======== Information given ========

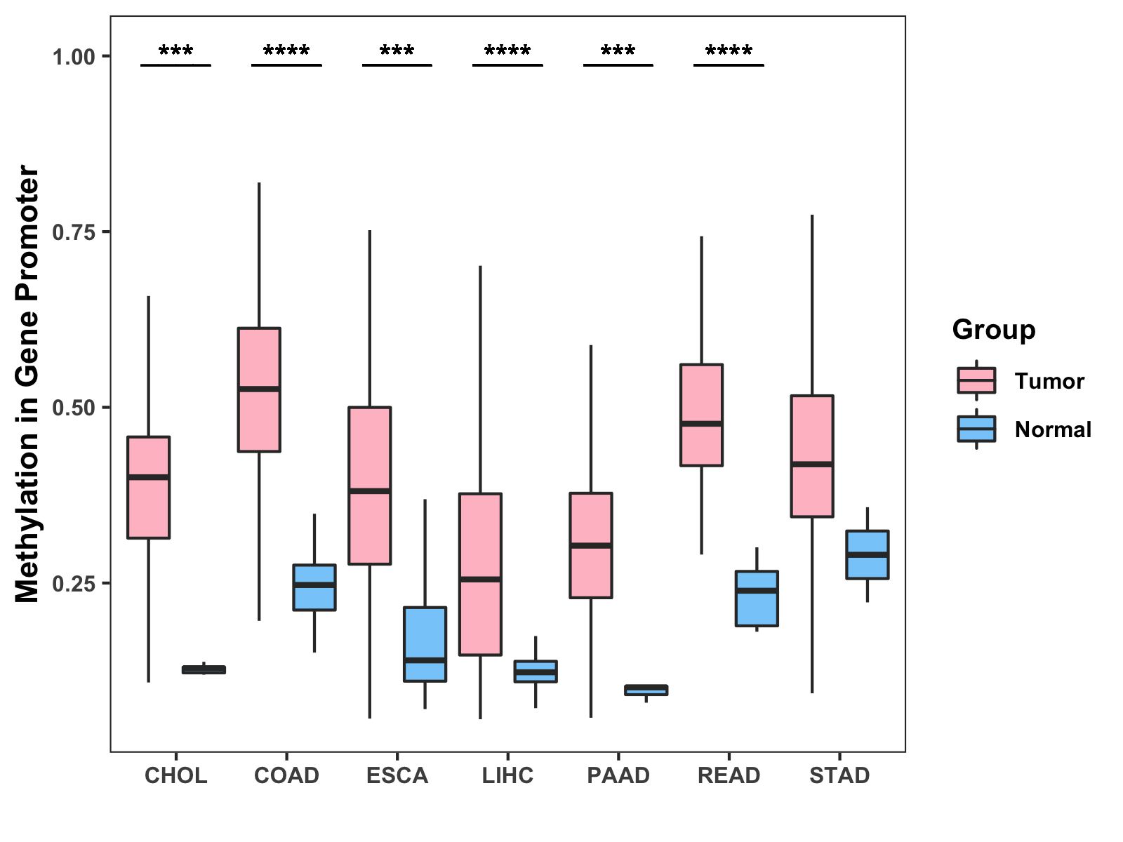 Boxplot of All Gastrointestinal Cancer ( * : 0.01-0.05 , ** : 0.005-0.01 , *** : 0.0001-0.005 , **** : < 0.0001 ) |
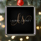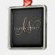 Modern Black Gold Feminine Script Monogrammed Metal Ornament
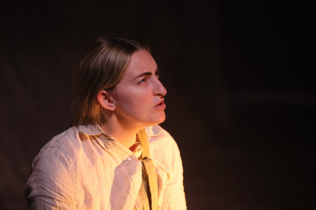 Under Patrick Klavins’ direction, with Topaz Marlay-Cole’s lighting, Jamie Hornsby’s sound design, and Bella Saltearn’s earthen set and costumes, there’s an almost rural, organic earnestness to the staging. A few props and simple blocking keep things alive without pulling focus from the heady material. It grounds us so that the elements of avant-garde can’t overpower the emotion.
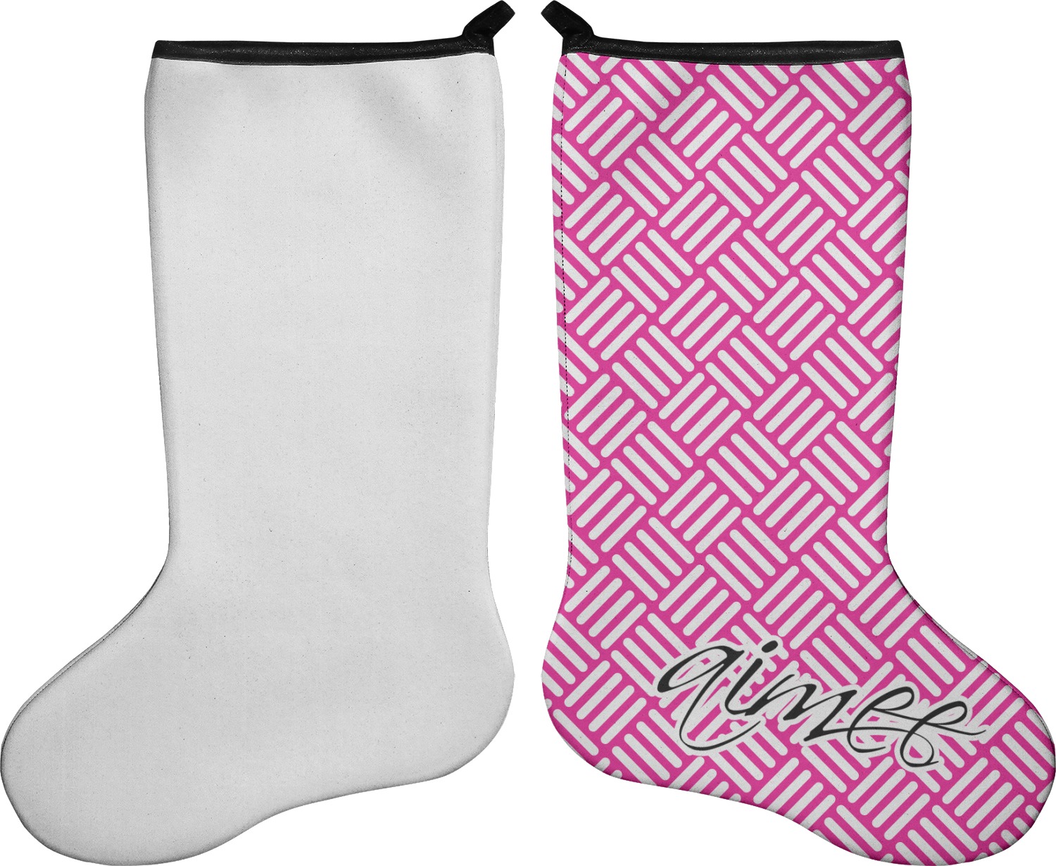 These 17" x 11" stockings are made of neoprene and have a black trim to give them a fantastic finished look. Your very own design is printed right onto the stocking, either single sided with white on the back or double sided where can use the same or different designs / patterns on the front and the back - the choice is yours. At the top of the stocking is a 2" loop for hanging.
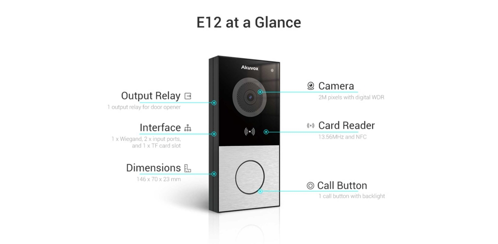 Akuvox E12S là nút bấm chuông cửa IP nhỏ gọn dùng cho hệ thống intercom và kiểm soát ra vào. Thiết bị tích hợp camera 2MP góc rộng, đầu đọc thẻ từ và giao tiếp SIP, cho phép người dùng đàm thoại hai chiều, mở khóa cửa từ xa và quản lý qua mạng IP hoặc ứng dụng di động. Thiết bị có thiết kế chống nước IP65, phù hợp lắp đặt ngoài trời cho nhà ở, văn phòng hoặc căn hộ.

========

Nothing but the lines above, starting at the line that contains "Under Patrick Klavins’" and ending at the line that contains "loop for hanging.", should be given again, exactly and without the pictures.

• [Solved exercise]:
 Under Patrick Klavins’ direction, with Topaz Marlay-Cole’s lighting, Jamie Hornsby’s sound design, and Bella Saltearn’s earthen set and costumes, there’s an almost rural, organic earnestness to the staging. A few props and simple blocking keep things alive without pulling focus from the heady material. It grounds us so that the elements of avant-garde can’t overpower the emotion.
 These 17" x 11" stockings are made of neoprene and have a black trim to give them a fantastic finished look. Your very own design is printed right onto the stocking, either single sided with white on the back or double sided where can use the same or different designs / patterns on the front and the back - the choice is yours. At the top of the stocking is a 2" loop for hanging.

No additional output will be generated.